→ Data for the task
+ + + +
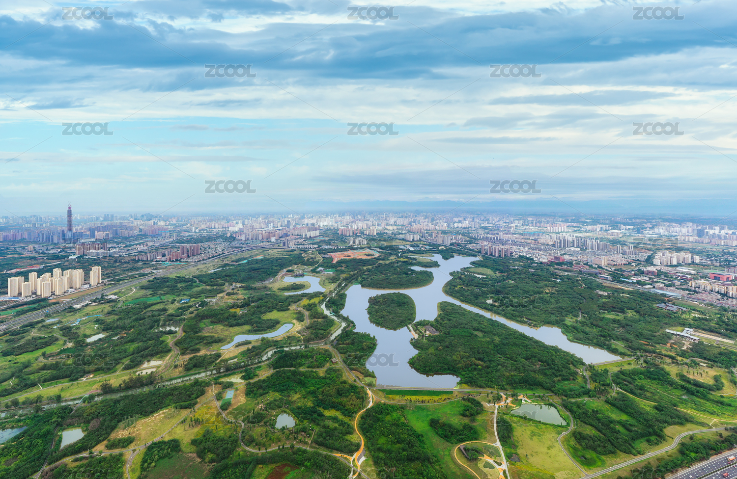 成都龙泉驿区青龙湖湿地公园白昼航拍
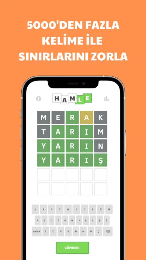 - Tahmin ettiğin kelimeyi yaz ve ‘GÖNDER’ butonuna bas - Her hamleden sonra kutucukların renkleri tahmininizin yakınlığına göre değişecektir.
+ + + +
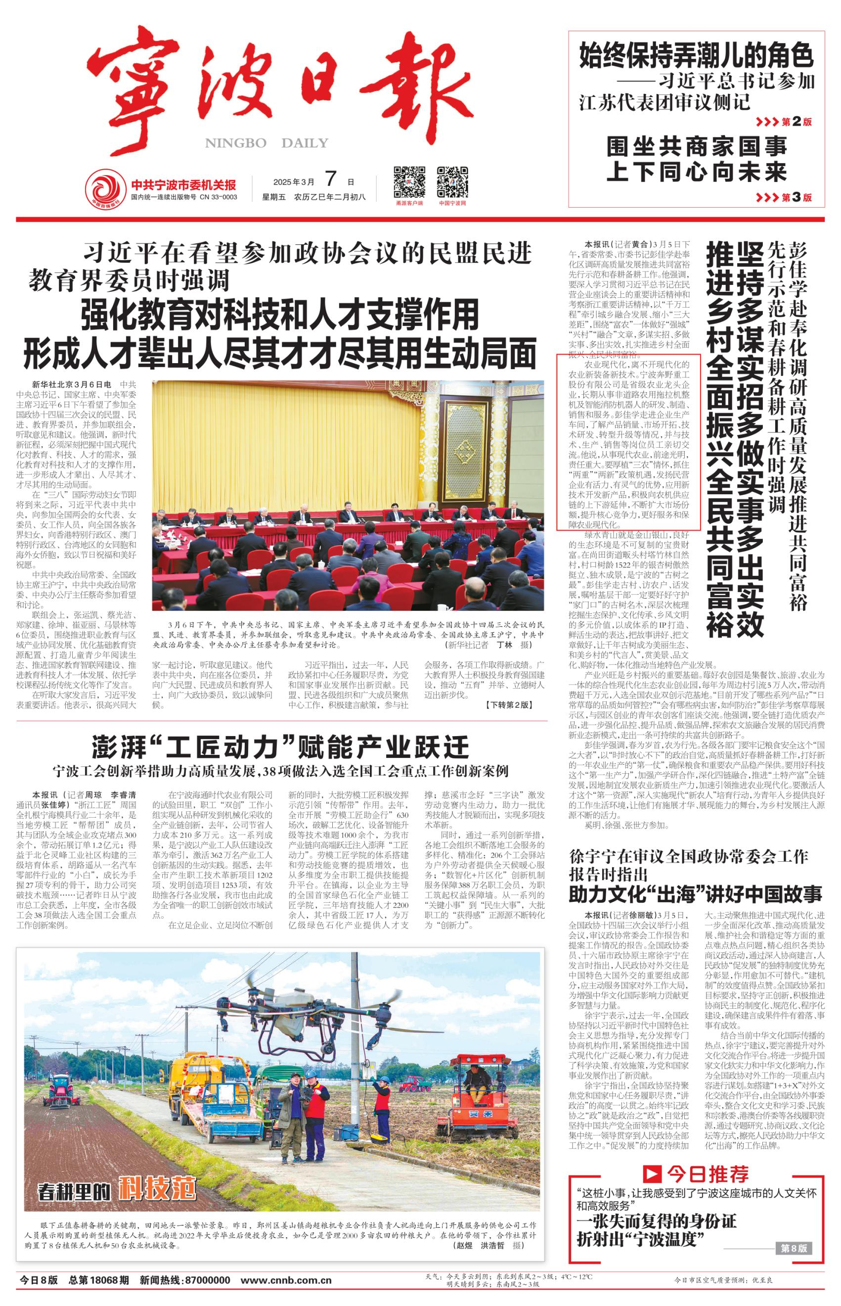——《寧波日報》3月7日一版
+ + + +
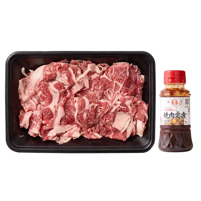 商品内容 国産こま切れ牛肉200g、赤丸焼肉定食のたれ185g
+ + + +
→ Task requirements
Transcribe the lines above exactly, beginning at the one with "成都龙泉驿区青龙湖湿地公园白昼航拍" and ending at the one with "- Tahmin ettiğin". Include both; exclude the pictures.

→ Completed exercise
 成都龙泉驿区青龙湖湿地公园白昼航拍
 - Tahmin ettiğin kelimeyi yaz ve ‘GÖNDER’ butonuna bas - Her hamleden sonra kutucukların renkleri tahmininizin yakınlığına göre değişecektir.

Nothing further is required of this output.